Rio snapped to face her with surprising speed. "Visitors. Maybe invaders. Hopefully just traders. I...apologize, but the good of the city demands we attend." She chewed her lip for a few seconds. "Or...that's what I would say. Black hells, I have no idea what to do. Between you all, and our god, and now this--"
She seemed anxious to go. I found it interesting that Our God had seemingly zero interest in the fact people were showing up, or if he did, it wasn't any kind of interest I could interpret as such. Not like how it'd fixated on me saying hello. To it, this was all just business as usual, I guess. People coming and going.
"Just turn them away?" asked Athan. "Or wait, better idea. Saga, break us out of this shit, and then we'll just leave your little city with those nice people. Tidy up all your problems at once."
Rio gave a somber smile. "I doubt it. You are here to stop me from making weapons, correct?" He nodded, and she continued. "Then I doubt you'd leave with them peacefully, as there is only one export from Oasis."
"Then just tell them you're done making guns. Shop's closed."
"I would never!" she shouted, suddenly flustered. "That is my calling! And it sustains the city, besides!"
"Technically," AEGIS cut in, pushing up her glasses as she liked to do, "making weapons is your calling. Nobody says you have to distribute them to the world."
"Making the best weapons. And there is no way to quantify that if they are not tested on a battlefield. Art such as mine cannot live in a museum."
"I mean...it could," Lia shrugged. "But if the issue is really just her feelings, can't we just kill her?"
"I agree," added Karu, weapons humming.
"How about we put that as plan B," Athan said, giving Rio a significant glance. "As much as I also just want to get out of here and get back to Moon, it sounds to me like we've still got options. Peaceful options. For once in our lives, Dragon and I are somehow not trying to kill each other and…" he gave an exhausted, defeated shrug "and maybe that's just making me tired and sentimental, but I really think we can figure out a better way."
"But not a faster way. And faster is better," Karu clarified.
"I've always said, killing is a failure, dude," Athan replied. "Any time you kill, it's just because you weren't willing to put in the effort to figure out a better solution. Right now, it doesn't seem like anyone needs to die."
Rio gave him a warm nod. "Thank you."
"Thank me after we work something out. I might be sparing your life in exchange for your calling."
"Well at least you are willing."
"The way I see it, if Dragon's willing to stop trying to kill me, I can at least hear you guys out. He's the psycho murderer here, not me."
"I have only ceased," Dragon growled "because I have realized the futility of action. No matter what I do, she will destroy our god, and our lives with a thought. All is already lost."

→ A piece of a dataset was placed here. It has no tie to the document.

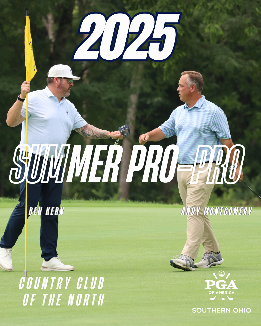 Andy Montgomery practically bounced onto the ninth green at Country Club of the North, Monday afternoon. That confident stride took some of the mystery out of his subsequent birdie putt because any man who walks up to a green like that knows his next putt is going in the hole. And it did, along with pretty much every putt he and his partner Ben Kern looked at during the 2025 SOPGA Summer Pro-Pro.

"Yeah, sucks to suck, doesn't it?" I grinned at him.
The ground tremble-hummed again, making Rio and Dragon both seem very nervous.
"We should go," she said. "If they attempt the gates, the warriors will have no choice but to interpret it as an assault. Only the high clergy can see and speak with them as people."
"Well you're not going alone," Athan said. As Rio started to express something resembling thanks, he cut her off. "Because we're not letting you sell them any more guns."
"And I'll be right here holding your little god hostage," I said, looking around for a nice tree to camp under. "So, y'know, keep that in mind."
Rio looked between us, mouth open, wordless, before slumping in defeat.
"I understand," she said. "Let us be off."